Keine Angst vor der Narkose
Sein Leben in die Hände eines anderen Menschen zu geben und keine Kontrolle mehr zu haben, ist für viele eine schreckliche Vorstellung. Steht eine Operation bevor, sind Betroffene jedoch häufig auf eine Narkose angewiesen, um erfolgreich behandelt werden zu können. „Oft haben Patienten mehr Angst vor der Narkose als vor der Operation – auch wenn es sich um einen sehr schweren Eingriff handelt“, berichtet Prof. Armin Sablotzki, Anästhesist und Chefarzt am Klinikum St. Georg. Die Furcht, aus der Narkose nicht mehr aufzuwachen, ist in den meisten Fällen jedoch unbegründet. „Statistisch gesehen sterben heute nur noch 0,4 von 100.000 Patienten“, sagt Prof. Sablotzki. Dank moderner Überwachungsinstrumente, verbesserter Medikamente und der intensiven Schulung von Narkoseärzten ist das Risiko schwerer Komplikationen sehr gering. Dauer und Tiefe der Betäubung werden individuell an den Patienten und an den OP-Verlauf angepasst.
Wichtige Informationen vorab besprechen
Unerlässlich für eine sichere Anästhesie ist das persönliche Vorgespräch, in dem der Gesundheitszustand mit dem Arzt abgeklärt wird. Der Betroffene sollte genau mitteilen, welche Medikamente er einnimmt. Das betrifft auch Präparate aus der Pflanzenmedizin. So können zum Beispiel die Extrakte von Ginkgo, Johanniskraut, Baldrian, Rotem Sonnenhut, Knoblauch oder Ginseng die Narkosedauer beeinflussen. Auch Genussgifte wie Nikotin oder Alkohol beeinträchtigen die Wirkung eines Narkosemittels.
„Unsere Aufgabe ist es darüber hinaus, Risikopatienten zu erkennen. Dazu zählen Menschen mit schweren Herz- oder Lungenkrankheiten, Stoffwechselerkrankungen oder Nieren- und Leberfunktionsstörungen“, ergänzt Prof. Sablotzki. Je nach Größe, Gewicht und Verträglichkeit wird die Medikation von den Anästhesisten individuell abgestimmt.

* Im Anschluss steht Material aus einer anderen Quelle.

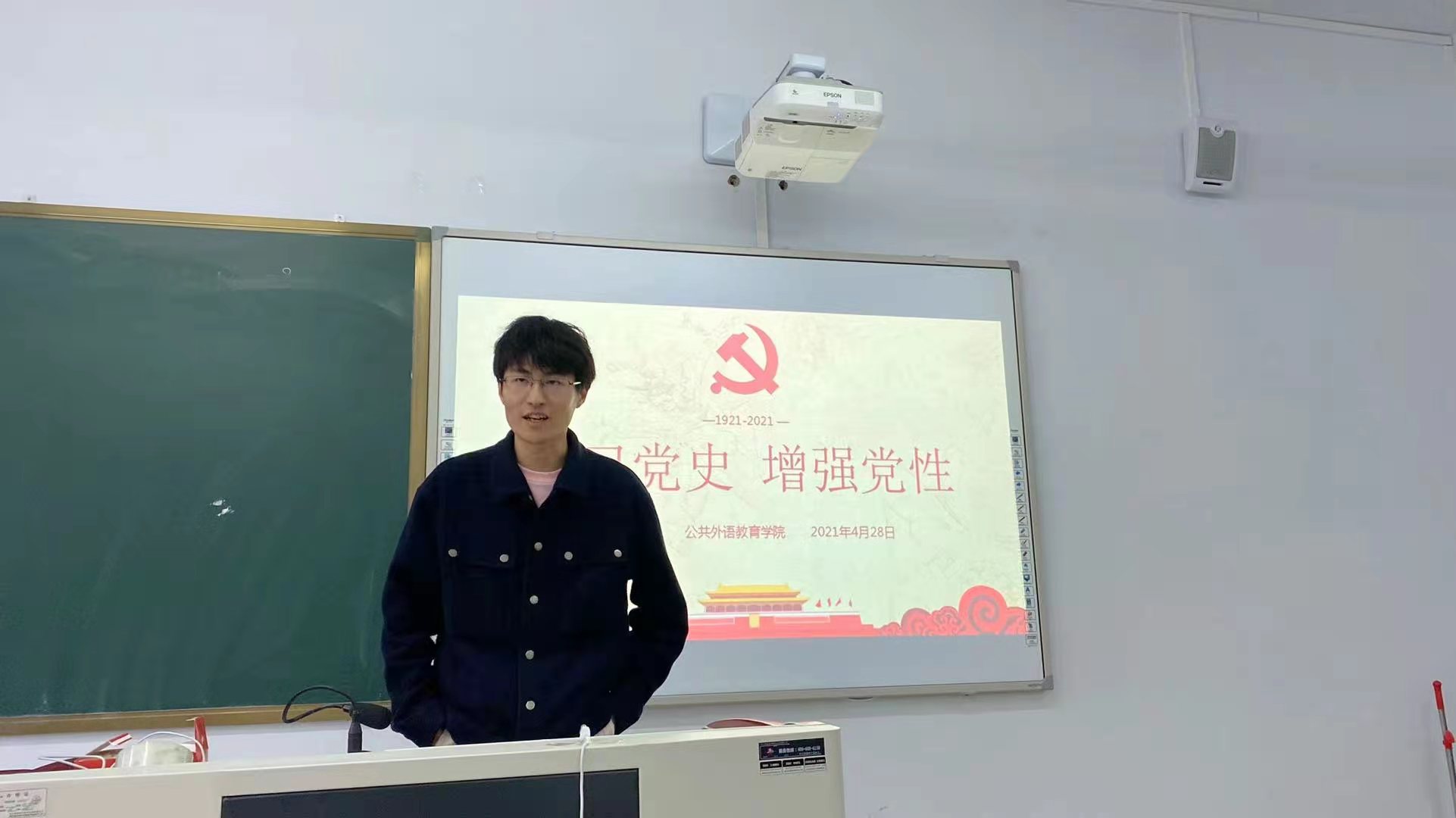 为纪念建党一百周年,弘扬爱国精神,传承红色基因,凝聚党员力量,2021年4月28日晚六点,公共外语教育学院研究生在经信楼D401教室举办了以“学习党史·增强党性”为主题的党史知识学习暨知识竞赛活动。2019及2020级全体党员、发展对象和入党积极分子参加了此次活动,本次活动由学院团委组织部金泰安同志主持。

Risikopatienten werden im Klinikum St. Georg zusätzlich durch Neuromonitoring überwacht. Spezielle EEG-Monitore helfen, die Narkosetiefe zu beurteilen. Elektroden an der Stirn des Betroffenen messen die spontane hirnelektrische Aktivität. Ein Computer errechnet aus den Daten einen Index, der zwischen Null (tiefe Narkose) und 100 (Wachzustand) liegt. Die Ärzte können so Komplikationen frühzeitig erkennen und entsprechende Gegenmaßnahmen einleiten. Das St. Georg ist auch Ausbildungsklinik für diese Technik.
Plötzliches Erwachen während der Narkose
Doch nicht nur die Angst nicht mehr aufzuwachen, sondern auch das genaue Gegenteil, nämlich während der Operation wach zu werden, beunruhigt Patienten. Im Fachjargon wird dieser Zustand „Awareness“ genannt und kommt statistisch gesehen etwa bei ein bis zwei von 1.000 Eingriffen vor. Das heißt jedoch nicht zwangsläufig, dass diese Betroffenen während des Eingriffs erwachen und Schmerzen spüren, sich aber nicht äußern können. Die Statistik erfasst auch diejenigen, die nur akustische Reize wahrgenommen oder keine bewusste Erinnerung an ihren Wachzustand haben. „Wichtig ist, jeden Verdacht ernst zu nehmen. Denn das Risiko auch bei der nächsten OP aufzuwachen, ist nicht zu unterschätzen“, betont Dr. Michael Malcharek, Oberarzt des Fachbereiches Neuroanästhesie und interoperatives Neuromonitoring am St. Georg. Insbesondere bei Notfall- oder Herzoperationen, Kaiserschnitten und bei Patienten, die hochdosierte Schmerzmittel nehmen, besteht ein erhöhtes Risiko, während der Narkose wach zu werden. Auch in diesen Fällen werden mittels Neuromonitoring die Hirnströme überwacht. Die Anästhesisten sind so in der Lage, den Grad des Bewusstseins einzuschätzen und die Narkose besser zu steuern.
Darüber hinaus können Patienten selbst entscheidend zum Gelingen einer Operation beitragen. „Sie sollten versuchen, ihre Ängste zu benennen und dem Arzt möglichst viele Informationen zu Lebensgewohnheiten und Begleiterkrankungen geben. Zudem sollten sie sich Ruhe vor einer Operation gönnen“, empfiehlt Prof. Sablotzki.